Phase 1: quality of reporting
In phase 1, the full texts of the 271 included studies were divided equally between two assessors who were experienced statisticians (one from the UK and one from the USA). Assessor 1 analysed the even numbered papers, assessor 2 analysed the odd numbered papers extracting the relevant information to complete the Quality of Reporting checklist (see Supporting Information S1
). Any supplementary online data associated with any of the included publications was accessed and analysed.
Phase 2: quality of experimental design and statistical analysis
In phase 2, a random sub-sample of 48 papers chosen from the 271 papers evaluated in phase 1, stratified by animal and by country (i.e. 8 papers×3 species×2 countries), was assessed.

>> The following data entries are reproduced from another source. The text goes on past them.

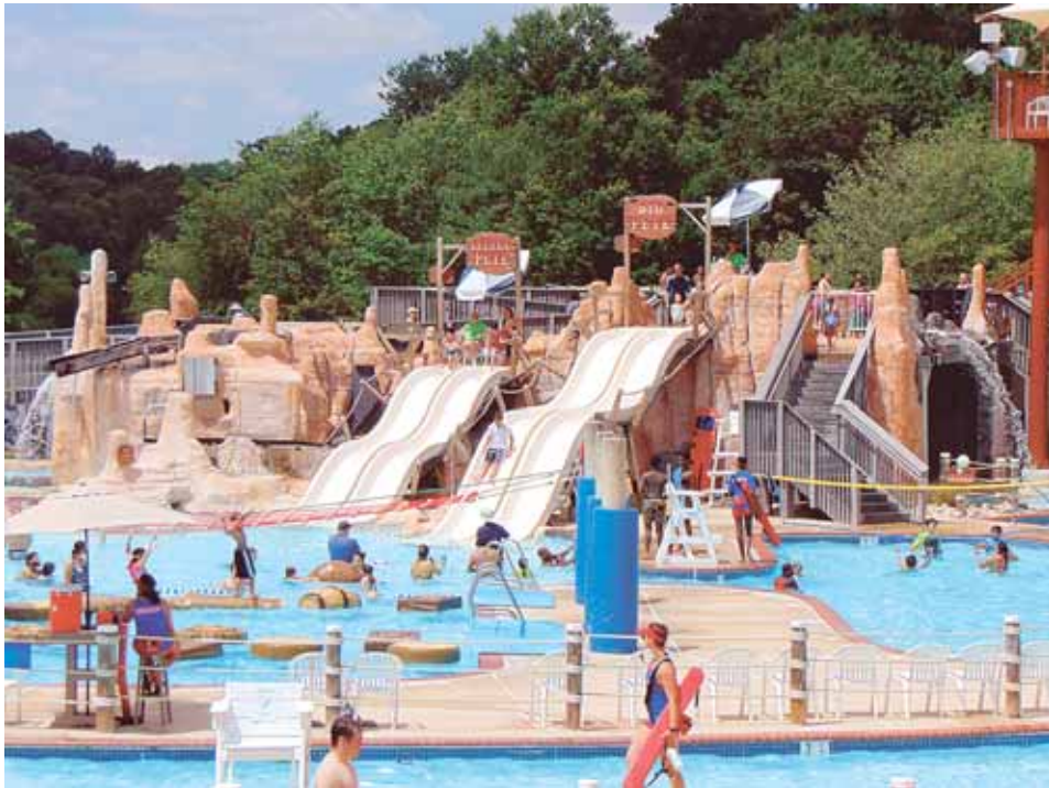
Swimmers enjoy the Water Mine Family Swimmin' Hole at Lake Fairfax in Reston on Saturday, July 1.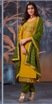
D. NO. 11732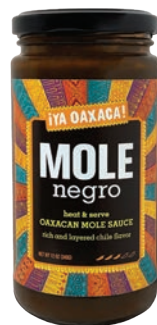
Ya Oaxaca Mole Negro SRP: $6.99 Booth: 4950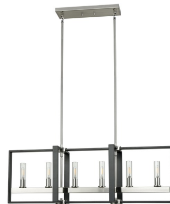
Shown in satin nickel / graphite / clear

The Blairmore Linear Pendant offers bold styling, designed to be modern, sleek and rigid. This fixture is available in three amazing finishes to suit different aesthetic needs. Includes Clear glass diffusers and 40 inch downrods. ETL listed.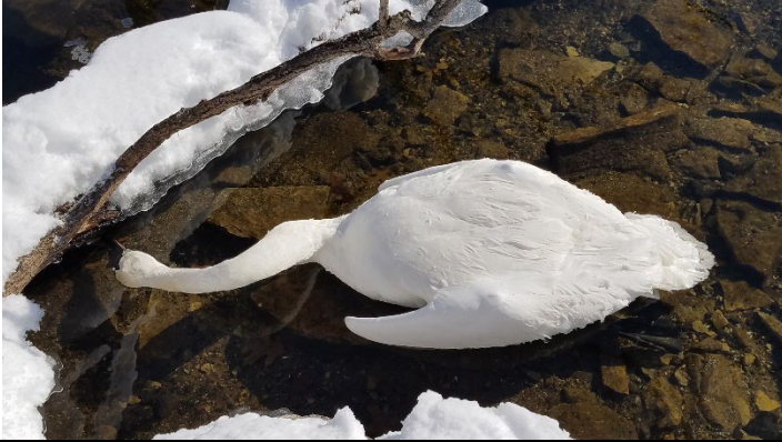
Swans that died at the channel and were brought in for testing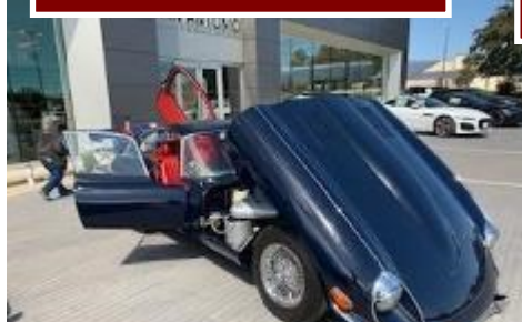
J.J. Keig's 1969 Blue E-type Coupe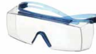
SF3701ASP-BLU Linse: Klar Stel: Blå/blå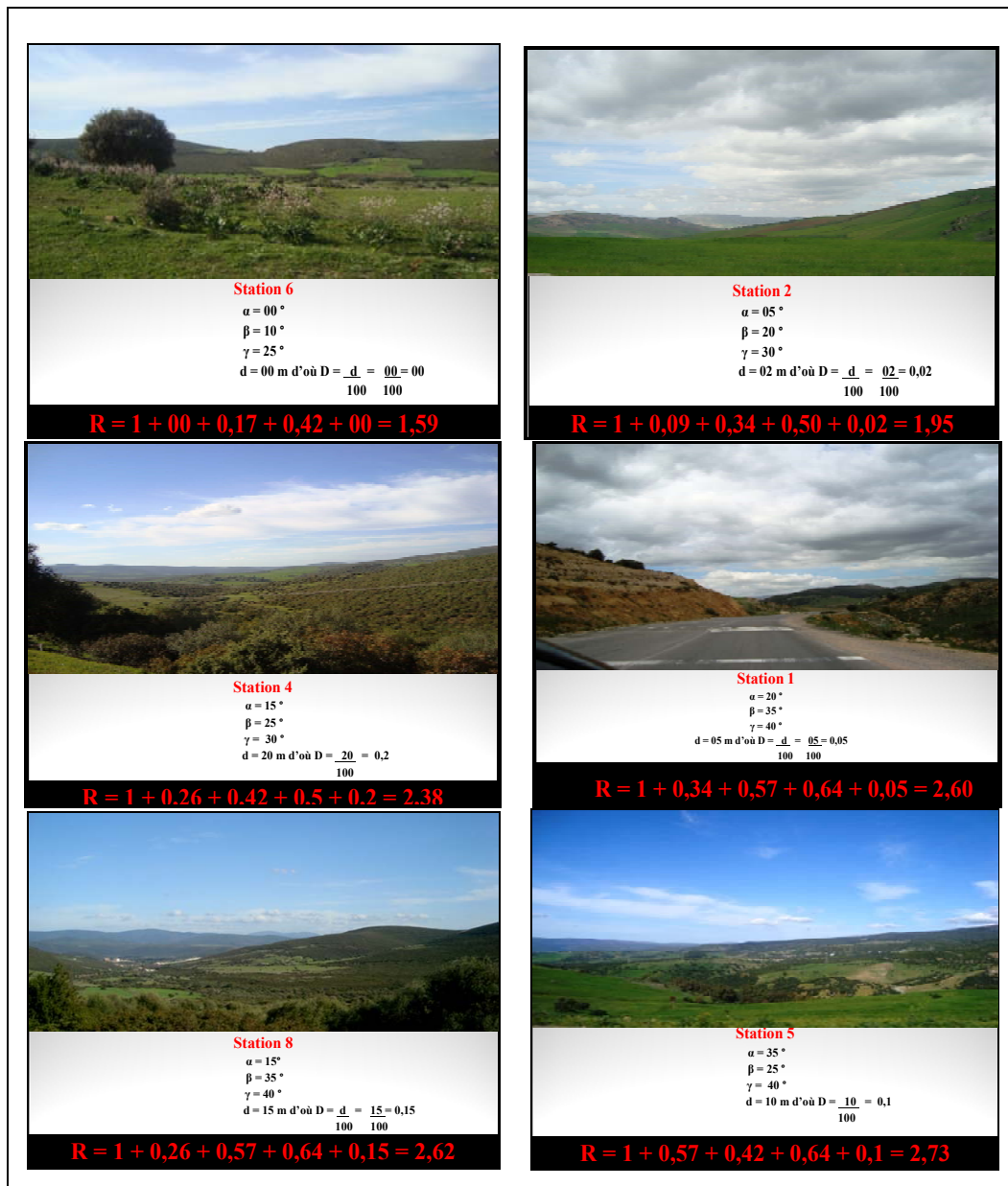
Fig. 2: Impact of vertical dimensions

may notice an uneven landscape due to the different terrains offering a viewer an open field from a highest point of view. The viewer is both dominant and dominated by a landscaped portion, the vertical dimensions (R) has the highest value (Fig.2).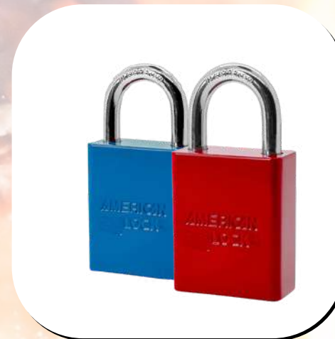
AmericanLock A1105 RED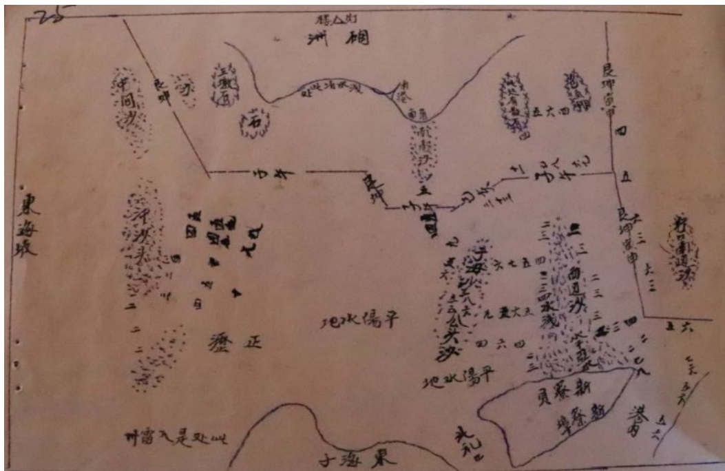
(This is page 25 of Zheng Changmei 's copy of " Liushui Genglubu ", The map shows the ports, routes, voyages, mountain shapes and water potential along the route from Guangdong to the East China Sea.)

as hidden row, clear row, reef cornerstone, coarse sand, fine sand, sand land, sand mud land, mud land, Pingyang water land, Zhengli, Dashui... Bracket, water depth... A foot, offshore... Pitching, dark water all the way, etc. As shown in the figure on page 25 of this book, the map of mountain shape and water potential in Guangdong is drawn, including the mark of Naozhou lighthouse, ' here is scattered sand ', ' shallow water here ', ' Pingyang water ', ' water dry ', ' shallow water ', Zhengli and other geological conditions, water potential drawing.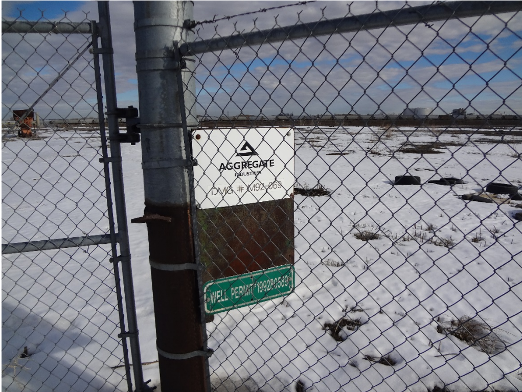
83 rd Joint Venture mine sign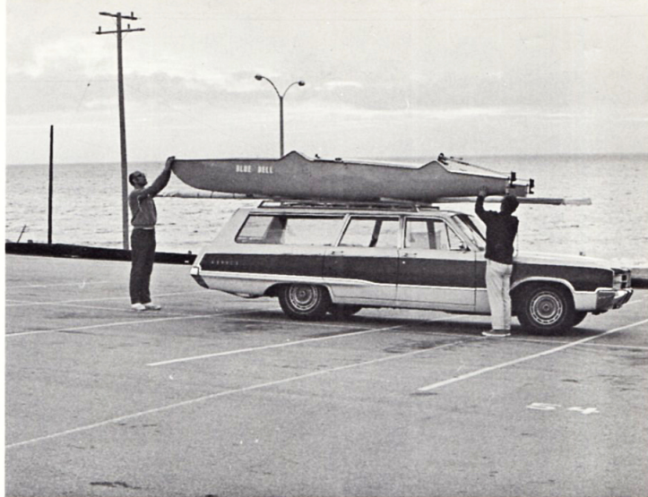
The SEA SPRAY is easy to lift onto a car and can be legally carried on a compact car.

The design emphasizes lightness, both for ease in transporting and handling out of the water, and for racing performance and manuverability in the water. The hull design was optimized by computer. The boat is rugged. Construction is of maintenance-free fiberglass and corrosion-proof metalwork. Dual flotation tanks and a sealed-tube mast provide unsinkable safety and single handed righting in case of capsizing.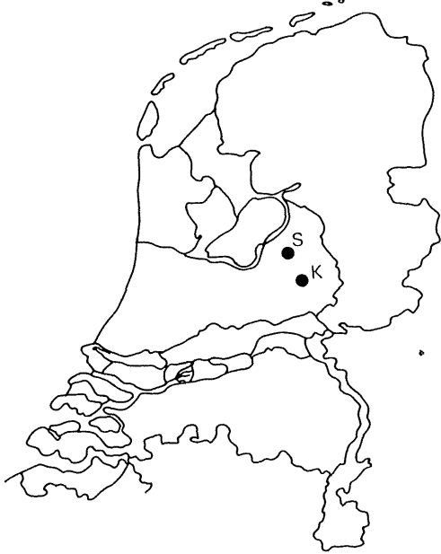
Fig. 1. Location of the two ACIFORN Douglas-fir stands in the Netherlands: K = Kootwijk and S = Speuld.

The two ACIFORN stands were planted on clearcut areas with a coastal provenance of Douglas-fir ( Pseudotsuga menziesii (Mirb.) Franco), and are located 10 km apart in the 'Veluwe' area in the Netherlands (Figure 1). The stands are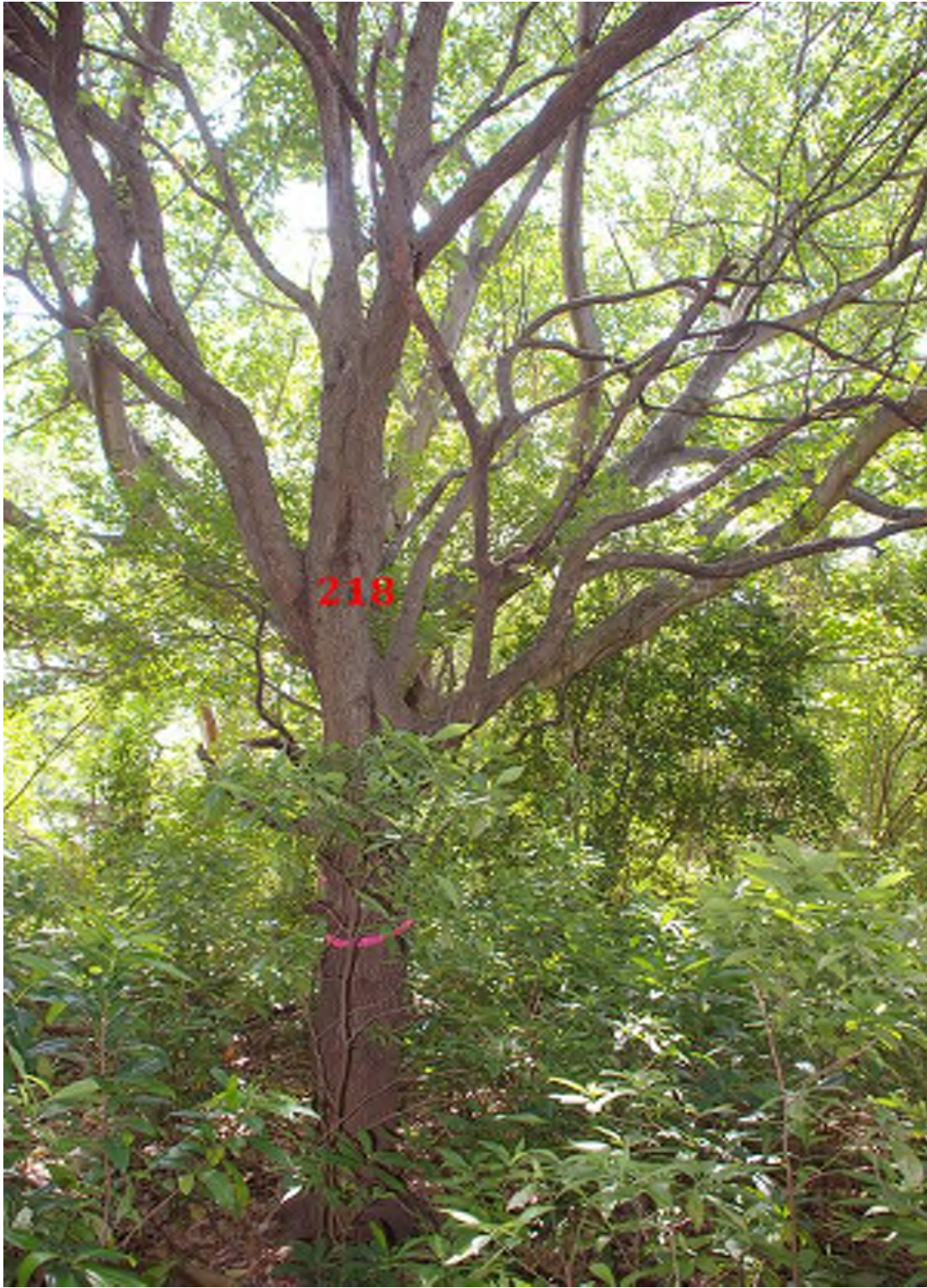
Photo 112 above is tree 218.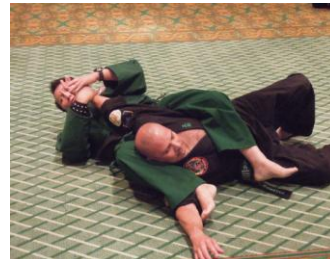
Rolling Crucifix Arm break shown midway and completed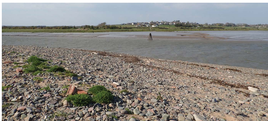
Looking from Barnkirk Point towards Waterfoot and Annan.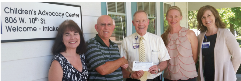
Thank you to Providence for their donation of $10,000 to our Caring for Kids Campaign.

Save the date for this annual event. We sold out last year! The theme is Moroccan Nights and we look forward to another great evening full of supporters and friends.

This number was selected as an appropriately sized sub-sample of the papers assessed in phase 1 based, as was the case for phase 1, on the time necessary to complete the very detailed reports. The statistical methods and analysis of the papers were assessed to determine whether the experimental design and the statistical analysis were appropriate. This involved the expert judgement of two statisticians, both of whom assessed all 48 papers using the Quality of Experimental Design and Analysis checklist (see Supporting Information S1
). The main experiment was the same as that analysed in phase 1. Errors of omission were noted.
Any disagreements or differences in interpretation of the checklists were resolved by consultation and discussion with a third assessor and, where necessary, the relevant studies were re-analysed. To allow for possible discrepancies between the two assessments, in phase 2 the mean of the results from the two statisticians are reported in all data summary tables. Overall agreement between the assessors was assessed once during each phase of the survey – In phase 1 both assessors applied the relevant checklist to the same sub-set of 30 (of 271) papers and their analyses compared, and in phase 2, all 48 papers were used to assess agreement (see ).